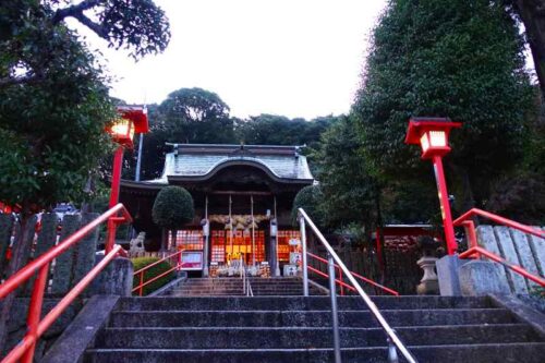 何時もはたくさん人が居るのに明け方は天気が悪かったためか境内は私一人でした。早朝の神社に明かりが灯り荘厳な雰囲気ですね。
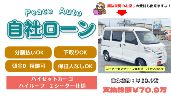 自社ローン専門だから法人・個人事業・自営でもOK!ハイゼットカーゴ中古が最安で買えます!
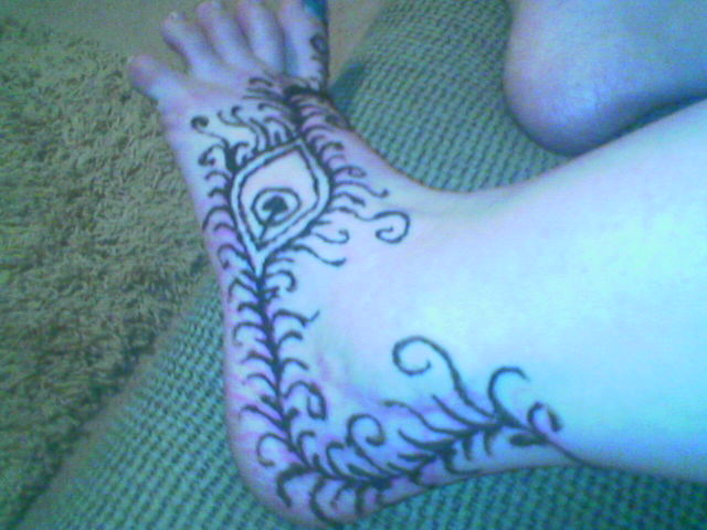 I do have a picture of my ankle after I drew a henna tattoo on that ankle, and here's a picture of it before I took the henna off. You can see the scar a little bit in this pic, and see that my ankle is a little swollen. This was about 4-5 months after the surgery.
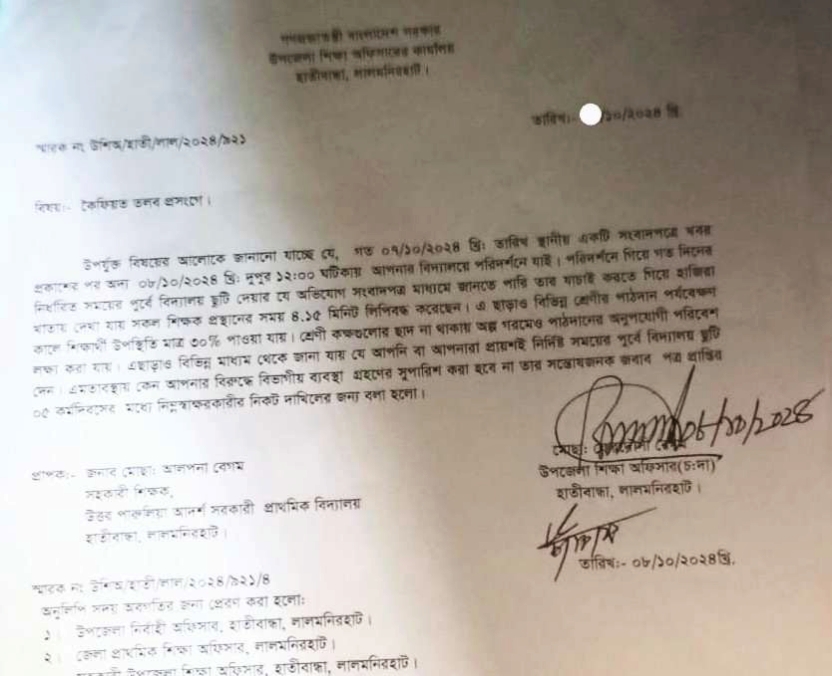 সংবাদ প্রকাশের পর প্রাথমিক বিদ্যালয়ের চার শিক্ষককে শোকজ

---

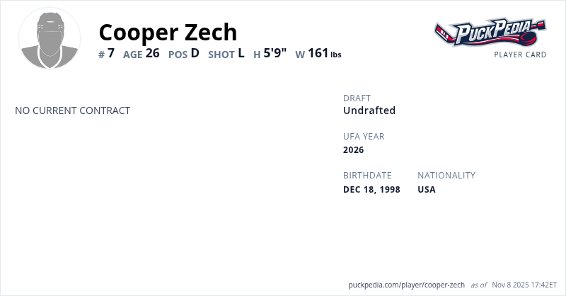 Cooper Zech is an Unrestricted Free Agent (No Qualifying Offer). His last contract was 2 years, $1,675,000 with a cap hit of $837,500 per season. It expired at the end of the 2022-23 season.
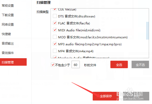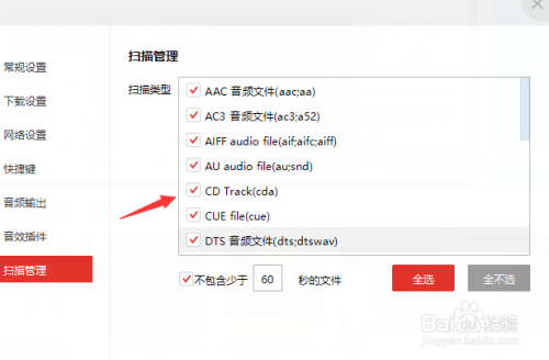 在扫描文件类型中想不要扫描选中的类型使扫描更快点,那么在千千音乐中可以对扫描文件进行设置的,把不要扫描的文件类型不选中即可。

### THE TASK
From the material above, output only the span of lines that starts at the one containing "何時もはたくさん人が居るのに" and finishes at the one containing "সংবাদ প্রকাশের পর", word for word and free of pictures.

### TASK SOLUTION
 何時もはたくさん人が居るのに明け方は天気が悪かったためか境内は私一人でした。早朝の神社に明かりが灯り荘厳な雰囲気ですね。
 自社ローン専門だから法人・個人事業・自営でもOK!ハイゼットカーゴ中古が最安で買えます!
 I do have a picture of my ankle after I drew a henna tattoo on that ankle, and here's a picture of it before I took the henna off. You can see the scar a little bit in this pic, and see that my ankle is a little swollen. This was about 4-5 months after the surgery.
 সংবাদ প্রকাশের পর প্রাথমিক বিদ্যালয়ের চার শিক্ষককে শোকজ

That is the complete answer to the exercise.